## [Recorded data]
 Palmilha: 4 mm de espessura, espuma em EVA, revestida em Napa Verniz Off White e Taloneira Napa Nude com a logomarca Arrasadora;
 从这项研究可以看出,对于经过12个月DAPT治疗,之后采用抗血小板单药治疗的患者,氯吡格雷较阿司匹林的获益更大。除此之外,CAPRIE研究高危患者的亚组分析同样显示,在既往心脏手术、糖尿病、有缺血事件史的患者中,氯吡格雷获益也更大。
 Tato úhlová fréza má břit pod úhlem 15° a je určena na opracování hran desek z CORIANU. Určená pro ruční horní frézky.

--

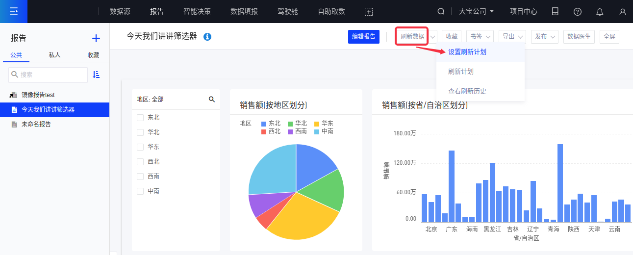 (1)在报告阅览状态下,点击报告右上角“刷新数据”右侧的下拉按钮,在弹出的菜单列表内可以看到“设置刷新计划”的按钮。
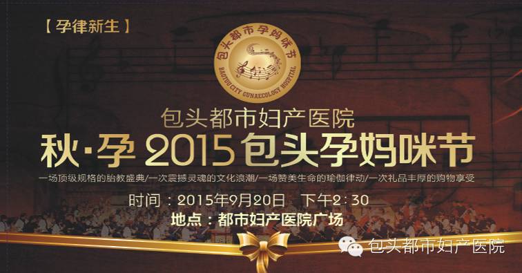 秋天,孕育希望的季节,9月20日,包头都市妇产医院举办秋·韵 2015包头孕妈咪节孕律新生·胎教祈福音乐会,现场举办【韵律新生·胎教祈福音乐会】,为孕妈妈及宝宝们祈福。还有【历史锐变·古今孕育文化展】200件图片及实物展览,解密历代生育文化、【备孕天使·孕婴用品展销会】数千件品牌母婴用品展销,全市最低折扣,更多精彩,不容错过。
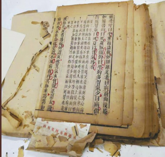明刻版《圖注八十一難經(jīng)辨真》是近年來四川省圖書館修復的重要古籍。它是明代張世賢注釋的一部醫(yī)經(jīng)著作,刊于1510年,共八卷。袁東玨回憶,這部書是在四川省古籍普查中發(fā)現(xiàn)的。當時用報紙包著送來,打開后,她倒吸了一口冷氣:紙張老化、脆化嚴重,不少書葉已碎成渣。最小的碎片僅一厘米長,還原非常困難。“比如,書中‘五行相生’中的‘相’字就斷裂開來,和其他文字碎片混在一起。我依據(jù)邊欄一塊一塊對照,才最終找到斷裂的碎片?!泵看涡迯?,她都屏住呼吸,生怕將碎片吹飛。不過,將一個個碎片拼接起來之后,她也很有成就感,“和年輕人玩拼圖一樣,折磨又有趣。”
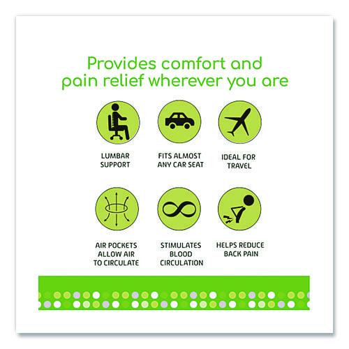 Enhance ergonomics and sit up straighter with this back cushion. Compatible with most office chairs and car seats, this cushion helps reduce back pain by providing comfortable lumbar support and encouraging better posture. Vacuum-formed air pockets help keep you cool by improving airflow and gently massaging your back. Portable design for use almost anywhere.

## [Description of the task]
From the records above, quote word for word only the lines beginning at the line that has "明刻版《圖注八十一難經(jī" and stopping after the line that has "Enhance ergonomics and". Omit the pictures.

## [Finished exercise]
明刻版《圖注八十一難經(jīng)辨真》是近年來四川省圖書館修復的重要古籍。它是明代張世賢注釋的一部醫(yī)經(jīng)著作,刊于1510年,共八卷。袁東玨回憶,這部書是在四川省古籍普查中發(fā)現(xiàn)的。當時用報紙包著送來,打開后,她倒吸了一口冷氣:紙張老化、脆化嚴重,不少書葉已碎成渣。最小的碎片僅一厘米長,還原非常困難。“比如,書中‘五行相生’中的‘相’字就斷裂開來,和其他文字碎片混在一起。我依據(jù)邊欄一塊一塊對照,才最終找到斷裂的碎片?!泵看涡迯?,她都屏住呼吸,生怕將碎片吹飛。不過,將一個個碎片拼接起來之后,她也很有成就感,“和年輕人玩拼圖一樣,折磨又有趣。”
 Enhance ergonomics and sit up straighter with this back cushion. Compatible with most office chairs and car seats, this cushion helps reduce back pain by providing comfortable lumbar support and encouraging better posture. Vacuum-formed air pockets help keep you cool by improving airflow and gently massaging your back. Portable design for use almost anywhere.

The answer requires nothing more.